What would I do, Sheila thought. What would I fight for, risk my life for, endure agony for? She sat there in the shadows with McGonagall, mindlessly stroking her shoulder as the woman gradually calmed down.

My children. I'd fight tooth and nail for my kids. She looked down at the old lady, her face tight with worry. Her kids, she thought. She's fighting for her kids.

It didn't matter. McGonagall would never leave the psych ward. She'd never actually return to this magical place in her mind. What could it hurt?

Sheila leaned over, her voice low as she whispered in her patient's ear. "I'm not supposed to tell you this," she said. It was a risk. But she had to do something. "He sent you a message today."

"Dumbledore?" McGonagall perked up, her eyes suddenly sharp despite the pain.

"Shhhhh...." She made a point of looking around, partly for effect and partly because she could get in trouble for lying to a patient. "He told me to tell only you, to keep it confidential."

"Of course," the Professor whispered.

"He told me to tell you he's fine, that he's continuing underground, and that he wants you to get better so you can return to join the fight."

"The Order?" she asked. "Any news of them?"

"The Order is strong," Sheila said. "Good will triumph," she whispered fervently. "Trust in Dumbledore."

McGonagall nodded, finally relaxing. A crack of light appeared across the bed sheets and the charge nurse finally ambled in.

"Tell no one what I said," she whispered quickly to McGonagall before joining the charge nurse out in the hallway.
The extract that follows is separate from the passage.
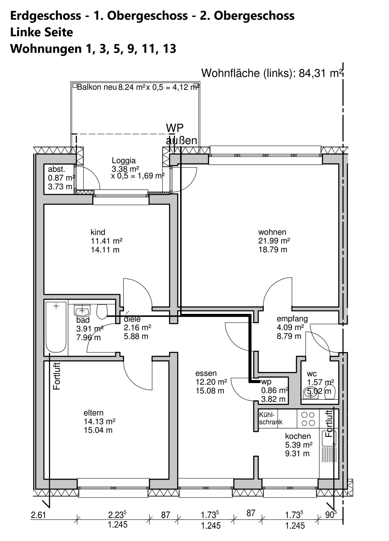 Das Angebot bezieht sich auf die Wohnung 11 im 1. Obergeschoß des Hauses 11. Die Wohnung besteht aus dem attraktiven Wohnraum mit Zugang zum großzügigen Balkon. Von der zentralen Diele erreichen Sie das geräumige Elternschlafzimmer, das schönen Kinderzimmer/Büro, die Küche mit vorgelagertem Essplatz. Die Küche verfügt über eine Einbauküche. Das moderne Wannenbad, das Gäste-WC sowie der Abstellraum vervollständigen das Angebot. Die Wohnfläche beträgt ca. 84, 31 m². Die Wohnung ist derzeit vermietet. Die Mieter bewohnen diese Wohnung seit Ende 2023 und haben von Mietvertrag von 28.12.2000 für eine andere Wohnung im Objekt entsprechend ergänzt. Eine Eigenbedarfskündigung ist entsprechend den gesetzlichen Bestimmungen möglich. Fragen Sie hier Ihren Anwalt. Es besteht die Möglichkeit Fahrradboxen mit Stromanschluß für 6.000 EUR zu erwerben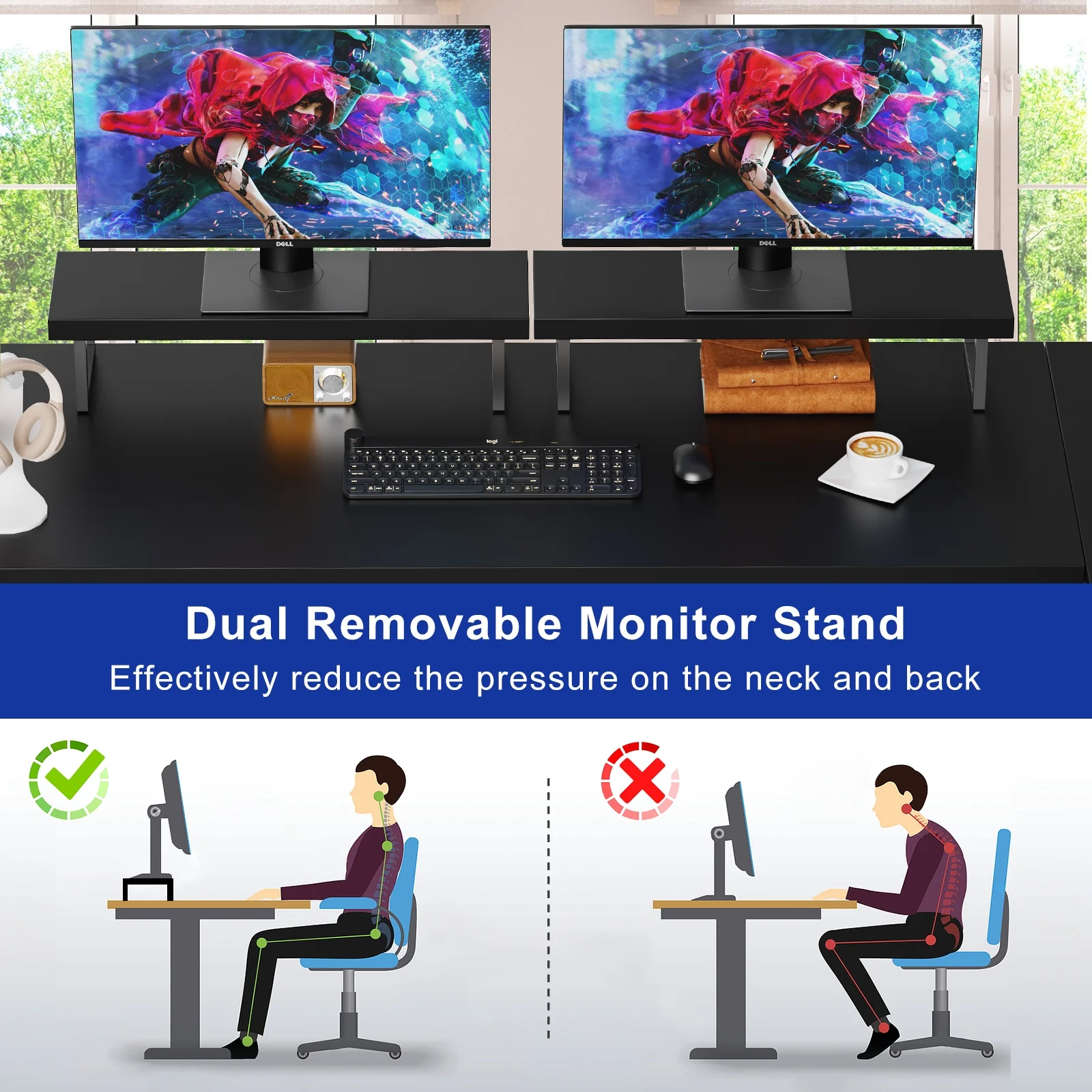 ??Dual Monitor Stand with Ergonomic Design: The built-in dual monitor stands raise your screens to eye level, encouraging correct posture and alleviating tension in your neck and back during prolonged periods of work or leisure.

"She was having a bad dream, that's all," she told the charge nurse. "I'm off shift. Just wanted to make sure she's okay."

"Gawd, I hate this ward," the charge nurse complained as she ambled her large frame toward the nurses' station.

Nurse Hedstrom gave a final look towards 17-B and nodded. "Me, too, Betty." Behind those doors, good fought evil, magic was real, and noble souls risked all for what they believed in. Out here, it was just another job. "Me, too."